Flat World is and was based on the predation model, even when it was giving content away for free. It was based on this model because it sought to be the proprietor and locus of content production. That's what made it possible for it to so easily add a paywall. If it were based on the production model, the idea of a paywall would seem absurd.

To me, the NC clause means that my content is the output of the economic process, not the input. It is something produced by the productive economy, not something consumed by the predatory economy. It is something that is meant to be shared, not sold. It is something that is intended to be abundant, not scarce. It's value is calculated according to what it contributes, not by what it takes.


  1. Stephen, I know you mean well, but the assumptions you make about market realities in the educational publishing space are so far off rail that I hardly know where to begin - so, I won't.

    Instead, what I suggest you do is actually go talk to a real educational publisher to gain market insight, and then apply that information to your analysis. Your arguments will carry more weight that way.

    btw, FWK is not going to a paywall because it didn't succeed. Fwk is making a calculated market adaption, to remain sustainable (i.e. profitable - heaven forbid!) Did the New York Times going to a paywall indicate that it didn't succeed? The Chronicle of Higher Education? The Financial Times?

    How about the university you teach at? Does its insistence on a tuition paywall mean that it has somehow failed in the "free" dissemination of education?

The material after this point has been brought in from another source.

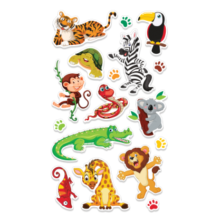 Komplet nalepk iz filca, džungla, 1 - 6.4 cm, 17 nalepk

    Little more than confusion results from all the needless chatter, mumbo-jumbo, and philosophizing about which open license is better; or, whether "free" is better; and so on. It's doesn't matter! What matters is offering high quality products that can be delivered at cheaper cost with more benefits. Is that a bad thing? That's what FWK is trying to do. That's all. Why make "open" a sacred thing? Why try to surround "open" with dogma? The academic community, foundations, and even the Federal Govt has a "true believer" stance re: open licening - requiring a specic kind of open (CC-BY), and eschewing all others. That's just dumb; it confines the world of open; it sets precedents that weaken the prospect of successful innovation in open - and even closed - enterprise.

    Bottom line: textbooks cost too much; education costs too much; certifications cost too much. There are going to be many efforts started to meet this gap in the market - between overpriced current options and new innovation that deliver the same or more benefit as the old, for a lesser price.

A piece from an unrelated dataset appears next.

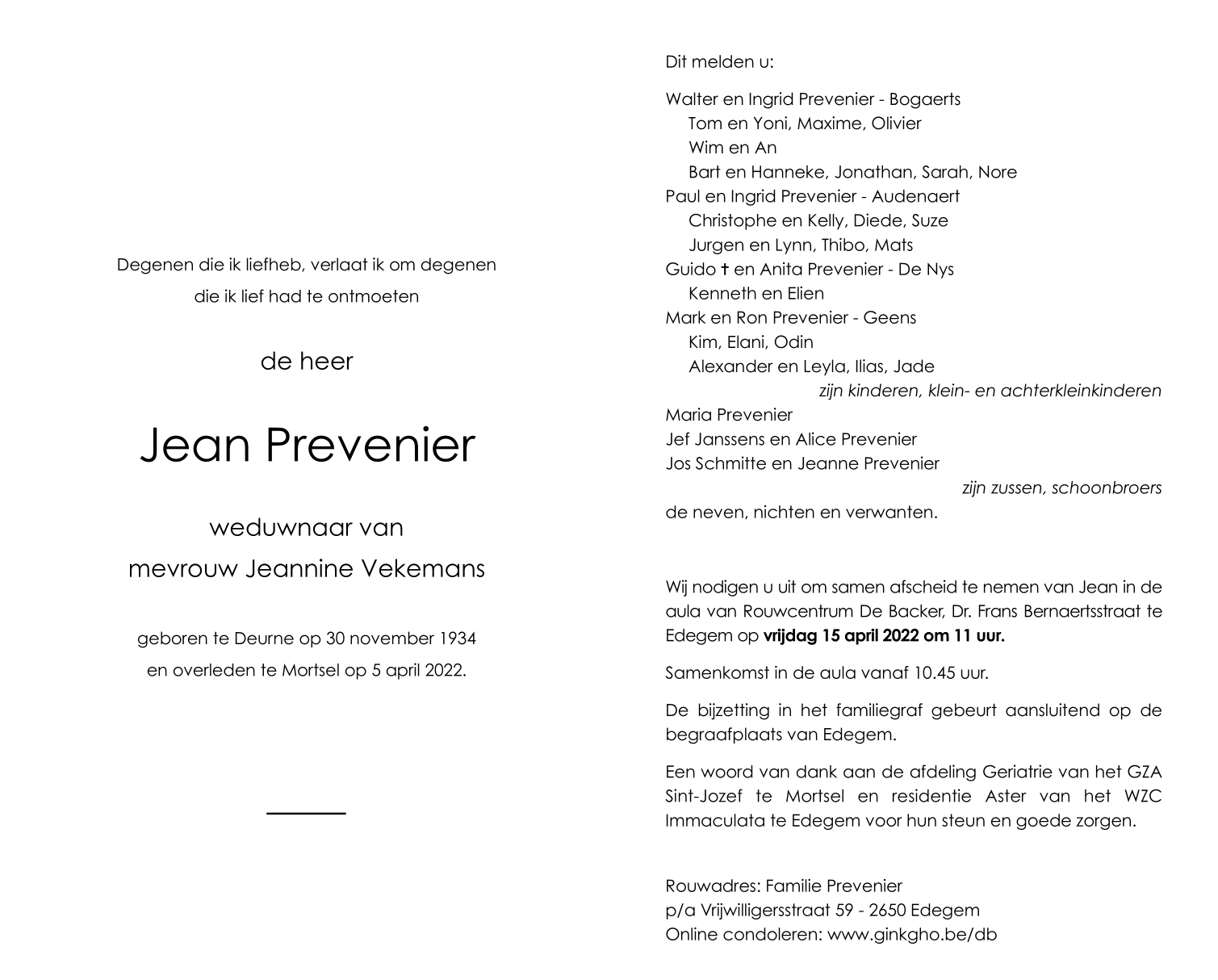 Overlijdensbericht Jean Prevenier

    All your (and others) theorizing on these non-issues results in little more than a weird demonizing of companies, revenue models, strategic market approaches, etc. that are trying to make a difference, but somehow fail in your eyes because they fail to meet the standards that you have created in that comfortable little theoretical room inside your head. It's really comfortable in there, I know, but please do strive for more accuracy instead of setting up straw men that are convenient to argue against; that's not the real world; it's the world of the ivory tower, where things are mostly thought of in the abstract.

    Having to make a profit or find something else to do is not a concept that most academics are very up on (including many business school academics). The recent several-year dialogue about open and how open should or should not play out in this-or-that way has been riddled with the basic of misunderstanding and outright error, with academics and foundations mostly responsible for those errors, and thus causing great harm to the search for cheaper, high-quality textbooks.

    Well funded fiefdoms have arisen as a result, with little to show for $100's of millions of dollars of investment. What a waste; what an injustice to the millions of students who could have already had high-quality, low-priced or free college textbooks - but don't. That's a tragic loss, and an opportunity wasted.

  2. On the CC-NC piece, I'm been flailing on this post that you commented on a while back - - but this brings me back to my initial position. Thanks.